It was the biggest high school in the state, and I didn’t know a soul. With my southern accent and tendency to be on the quiet side among so many strangers, I didn’t make friends easily. While most other kids were discovering Elvis and cruising downtown’s Fourth Street, looking for girls to ask to the next YWCA dance, I spent most of my time with my mom, both of us battling homesickness. I’m pretty sure we survived that winter thanks largely to the pleasure we found watching the University of Louisville basketball team, which, under all-American Charlie Tyra, went on to win the 1956 NIT championship.

  The one bit of good news was that Louisvillians took their youth baseball far more seriously than we had in Augusta. The local Beechmont League played on nice fields and wore impressive uniforms, and boys had to first try out.
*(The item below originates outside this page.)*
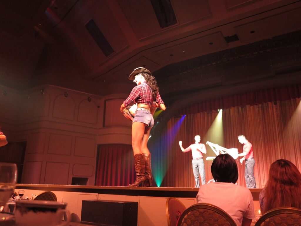 接著就是表演登場,因為太專心觀賞,只有偷拍幾張照片,真的很精采,就是美國百老匯大秀一樣,舞台規模也很盛大。

The team managers came to watch the tryouts, attended by at least three hundred kids, and after a few days, a draft was held. I was the number one pick, and was placed on a team called the Giants. I was exceedingly proud, and really wanted to live up to this honor, but after my experience in Augusta, I knew I shouldn’t allow my highs to be too high or my lows too low, and I remained cautious. This ended up being a wise decision. After a good year with the Giants—hitting over .300, pitching well—I was not chosen as an all-star player, passed over for one of the manager’s sons. By tenth grade, I wasn’t even good enough to make the Manual High School team.
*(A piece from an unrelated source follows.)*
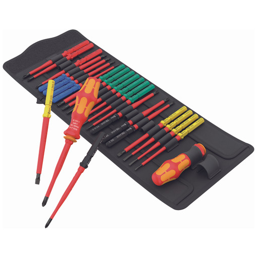 24 lames interchangeables VDE avec repéreur d'outils "Take it easy" (code couleur en fonction des empreintes et indication de la taille gravée au laser):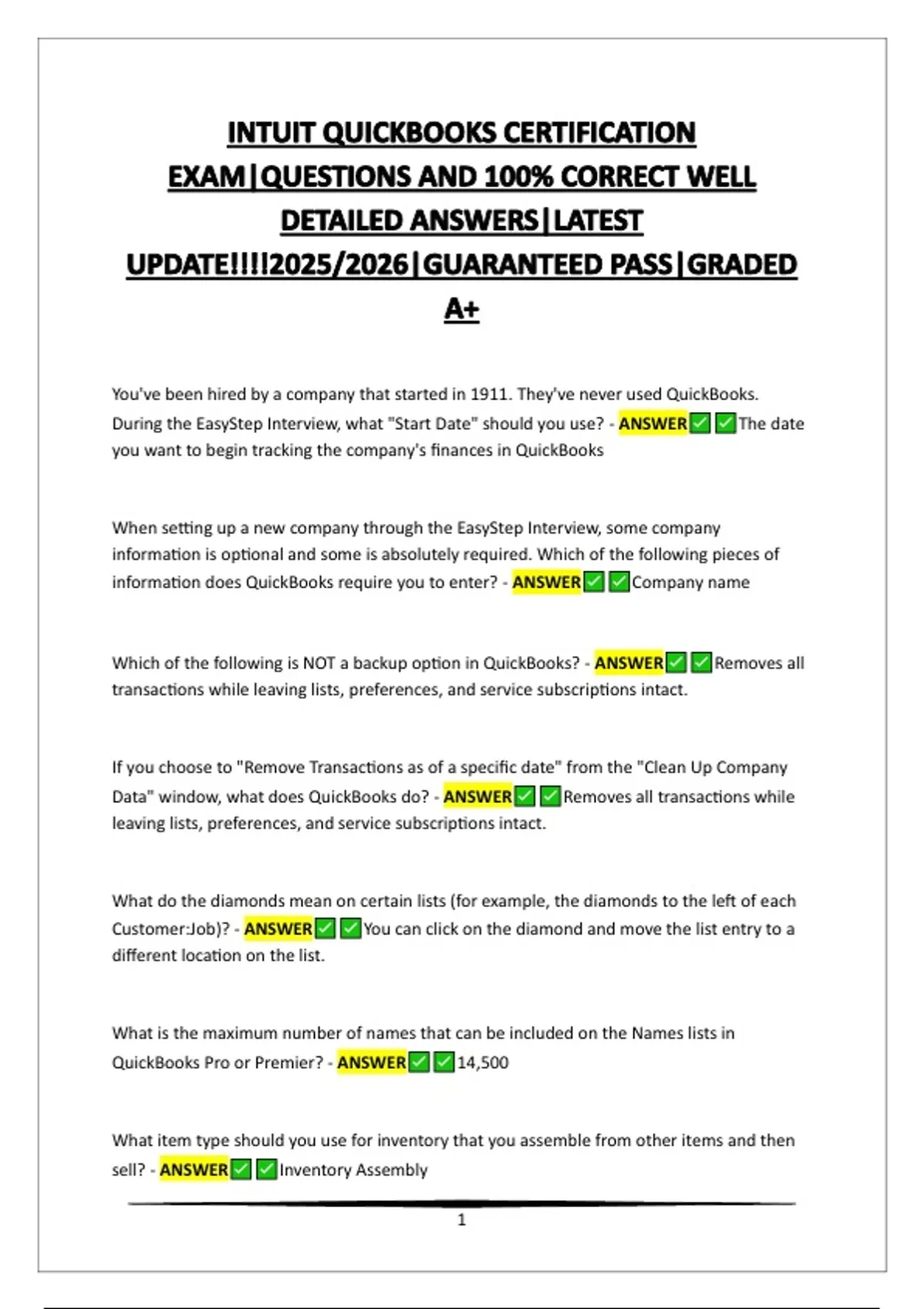 INTUIT QUICKBOOKS CERTIFICATION EXAM|QUESTIONS AND 100% CORRECT WELL DETAILED ANSWERS|LATEST UPDATE!!!!2025/2026|GUARANTEED PASS|GRADED A+

  It wasn’t easy, but I accepted it: if I was going to excel at something, it wasn’t sports. And the more baseball faded, the more something else was beginning to entice me, something that shared the same sense of competition, the team spirit, the need for endurance: politics.
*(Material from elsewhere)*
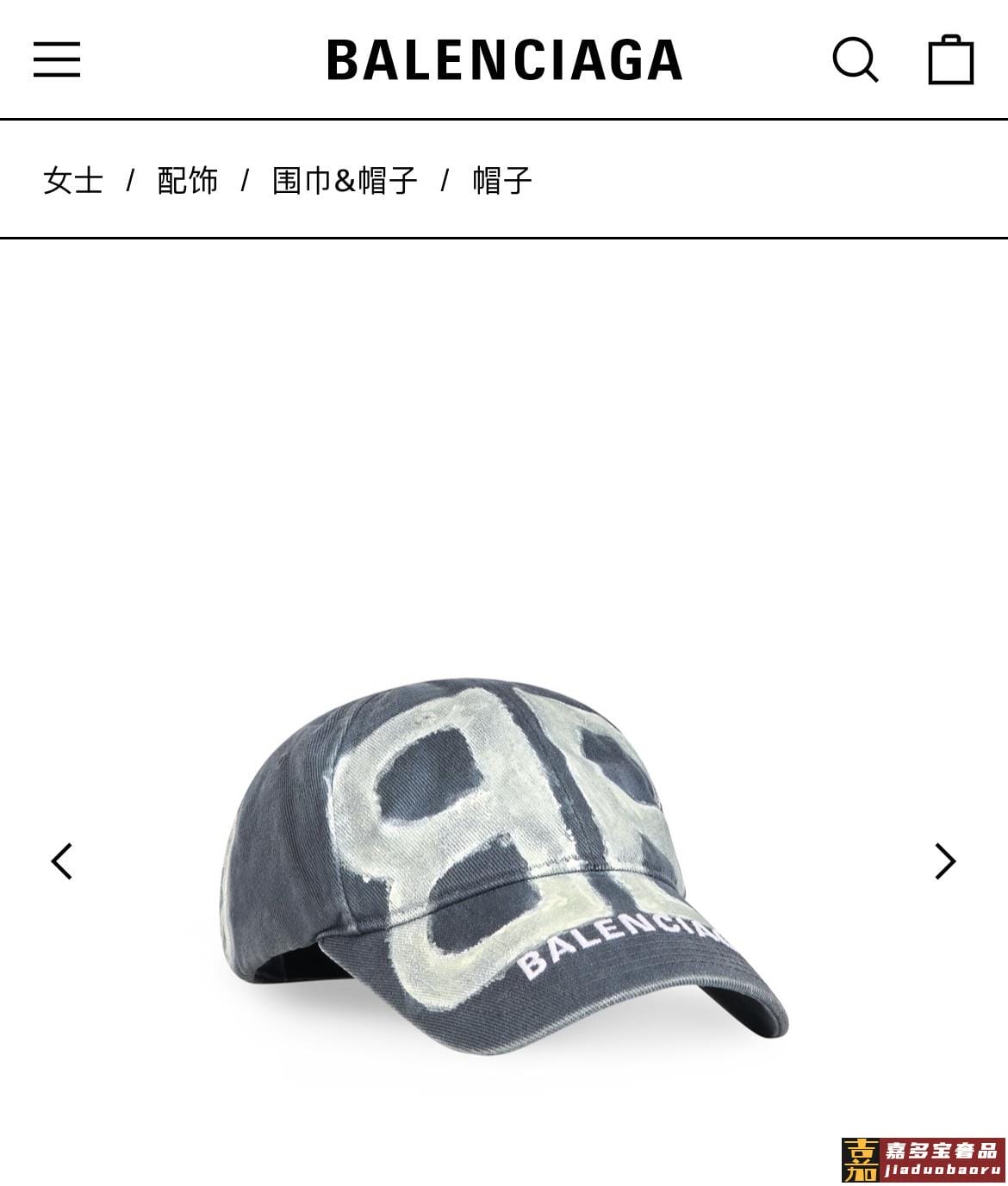 巴黎世家新款棒球帽洗水帆布鸭舌帽刺绣整个帽型非常有立体感柔软

  When I was quite young, my father shared with me the story of how his father, Big Dad, had first explained politics to him.

  “Sit down, son,” Big Dad said. “This won’t take long.” My dad did as he was told. “Okay,” my grandfather continued. “The Republican Party is the party of the North. The Democratic Party is the party of the South. You can go now.”

  From what I could tell, my grandfather’s words remained true. In Athens, I’d sometimes tag along with Big Dad to the funeral parlor he owned, where the men from the neighborhood would gather on the comfortable leather chairs in the large front foyer to talk politics. I heard the story of one local election. This was back in the days of paper ballots, and when the polls closed, the election officials counted the ballots back at the courthouse. It was pretty routine: Democrat, Democrat, Democrat. But once, a ballot for the Republican appeared. Then, after a while, another was pulled from the box.

  “What do we make of this?” one official asked the others.

  “Throw it away,” someone said. “The poor son of a bitch voted twice.”

  When my dad voted for Dwight Eisenhower in the 1952 presidential election, it’s therefore very likely he was the first McConnell ever to support a Republican. But he’d fought the war under Ike, who served as the supreme commander of the Allied Forces in Europe. I greatly looked up to my dad, and if he was loyal to Eisenhower, then so was I—so much so that in my fifth-grade class photo, attached to the wide lapel of my button-down shirt, is a pin reading “I Like Ike.”

  The election of 1956 four years later, a rematch between Eisenhower and Adlai Stevenson, was the first to capture my attention. Both the Democratic and Republican national conventions were broadcast on television, taking over several hours of programming, replacing shows like As the World Turns and The Johnny Carson Show. The broadcast was nothing more than a view of the podium, with intermittent observations offered by Chet Huntley and David Brinkley or Walter Cronkite. In other words, it was deadly boring and I would venture a guess that I was probably the only fourteen-year-old boy in America interested enough in politics to watch both conventions, gavel to gavel.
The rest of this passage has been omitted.